AT first glance wine production consortium Growers Pty Ltd is hardly an overseas investment story.
Viticultural consultant Phil May, best known for his role in developing Pemberton-based wine producer Smithbrook, has put together a consortium of 17 Western Australian vineyard owners as seed capitalists in Growers.
The consortium is seeking to use its combined production to create a sizeable winery that can operate in the competitive export market.
In this case, the international investment connection is much less about very new money in the region than it is about rescuing an offshore investor whose wine producing dream was floundering.

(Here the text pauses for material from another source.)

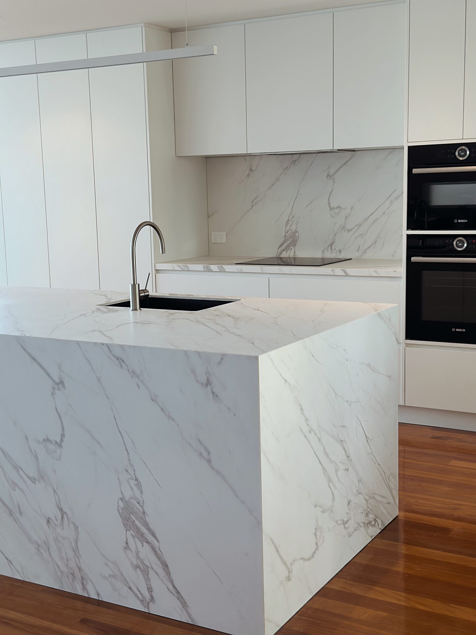 AC Stone Statuario is confident and timeless. Characterised by its clean white base, and cascading thin and medium sized grey veins, AC Stone Statuario is easily the centre piece in any home. Use AC Stone Statuario for a wide variety of surfaces including kitchen bench tops, counter tops, splash back, bathroom vanity, bathroom walls and more.

Growers has bought the well-known Abbey Vale brand and signed up a long-term lease for assets of the Margaret River winemaker which had been put into external administration by its Swiss owners – Jurg and Regula Hauser.
Revitalised by Subiaco-based Plum Studio, the Abbey Vale brand is now the centrepiece of a strategic move by Mr May and his investors to capitalise on the structural changes taking place in the wine industry, where many smaller growers and producers are struggling to keep their heads above water.
The project does not only solve a problem for the Hauser’s vineyard, however. The purchase of Abbey Vale offered an answer for a growing number of Mr May’s viticultural clients, who were finding it increasingly difficult to sign up long-term supply contracts during a recent period of oversupply.
Mr May said about a quarter of his vineyard clients did not have supply contracts with wineries, and that number was likely to rise.
“We have looked to pool those clients under one brand to achieve some economies in production and achieve some volumes that provide some credibility in the international market,” Mr May said.
The 17 seed investors represent 400ha of vineyards in regions throughout WA, which are collectively capable of producing 4,000 tonnes of grapes.
These vineyards had signed up to a strict supply arrangement that sought consistent supplies of quality fruit to the operation and would not leave Abbey Vale short of the varieties it needed to make a complete range.
“We have some mechanisms in place that were established to ensure that our grape growing shareholders do supply the best parcels of fruit within market requirements,” Mr May said.
But he said it was not a case of Growers-owned Abbey Vale taking produce of inferior quality, but simply that, as a virtual start-up, the new producer’s needs were different to those of more mature winery operations.
According to Mr May, the Hausers have come on board as shareholders in Growers, which raised $1.25 million from investors to get the project off the ground earlier this year.
Australian Securities and Investments Commission records show that Australian Capital Equities executive Peter Gammell is among the shareholders of Growers.
Mr May said the company was seeking to raise $2 million in December to fund production growth from 650 tonnes to 1,400 tonnes (or around 100,000 cases) this vintage. A further $2 million will be sought in August next year.
Meanwhile, a question mark remains over the future of the Abbey Vale winery, which is used by a third party and does not suit Growers’ plans to use contract wine producers such as Naturaliste Vintners.
Another asset, the cellar door, is being refurbished after being gutted by fire.